Including proposed staffing changes in a plan to close schools submitted to the State Education Department does not cloak the staffing issues as a state policy, law or regulation thereby precluding submitting the matter to arbitration
Board of Educ.of the City Sch. Dist.of the City of N.Y. v Mulgrew, 2013 NY Slip Op 03580, Appellate Division, First Department
The New York City Department of Education (DOE) had filed a plan seeking to close 24 “underperforming schools” and to subsequently reopen 24 "new" schools at the identical locations and facilities with the State Department of Education (SED), which conditionally approved the plan.
The Unions filed demands for arbitration to the extent that the plan proposed to "excess" the staff of the closing schools, alleging that DOE’s plan to open new schools was a pretext to circumvent established procedures in their respective collective bargaining agreements (CBAs) for removing unsatisfactory teachers and other personnel. The Unions also contended that DOE’s plan circumvented their CBAs' requirements that excessing of teachers, i.e., "those let go through no fault of their own," be done on the basis of seniority.
The arbitrator concluded [1] that the Unions' disputes were arbitrable and [2] that the plan had "as its primary, if not sole, objective," avoiding undesirable teachers by excessing them under CBA provisions relating to closed or phased out schools, which violated CBA requirements that excessing be done on the basis of seniority.*
Supreme Court, New York County denied the DOE’s CPLR Article 75 petition seeking an order vacating the arbitration award and granted the cross-petition of the United Federation of Teachers, Local 2, and the Council of School Supervisors and Administrators, Local 1, American Federation of School Administrators to confirm the award. The Appellate Division unanimously affirmed the lower court’s ruling.

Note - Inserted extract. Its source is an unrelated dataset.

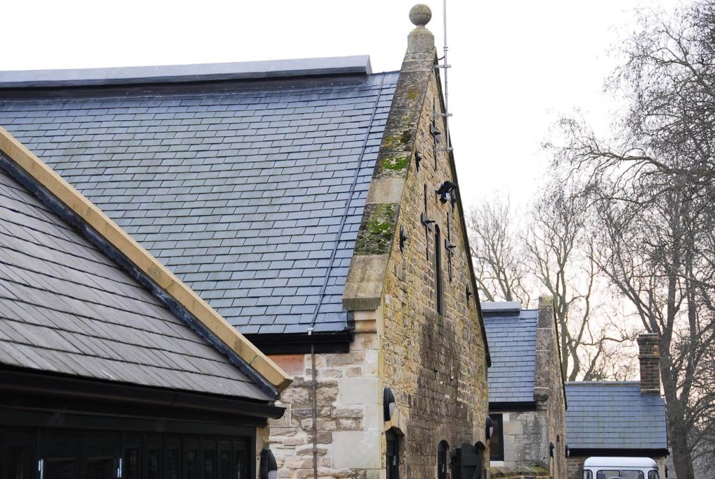 Four long, low outbuildings dating from the mid-nineteenth century were fitted with more than 1,800 square metres of SSQ’s Del Carmen natural slate – around 40,000 individual slates in total.

The Appellate Division explained that the arbitrator neither exceeded his powers under the CBAs, nor did he violate public policy in resolving the merits of the parties' disputes. The CBAs, said the court, provide that unresolved grievances concerning the application or interpretation of the CBAs are subject to arbitration.
Although the definition of a grievance under the CBAs does not include any matter for which a method of review is proscribed by law, or any rule or regulation of the SED having the effect of law, here the grievances seek only to have the arbitrator consider the interpretations of the CBAs and whether the plan, if implemented as written, violates the contractual rights and responsibilities of the parties.
Finding DOE's argument that arbitration necessarily interferes with the SED's statutory and regulatory authority “unpersuasive,” the Appellate Division although DOE “broadly referencing educational laws and regulations,” it failed to identify any law that "prohibit[s], in an absolute sense, [the] particular matters [to be] decided," citing County of Chautauqua v Civil Serv. Empls. Assn, Local 1000, County of Chautauqua Unit 6300, Chautauqua County Local 807, 8 NY3d 513 and commenting that only when the interest in maintaining adequate standards is attached to a well-defined law that public policy is implicated."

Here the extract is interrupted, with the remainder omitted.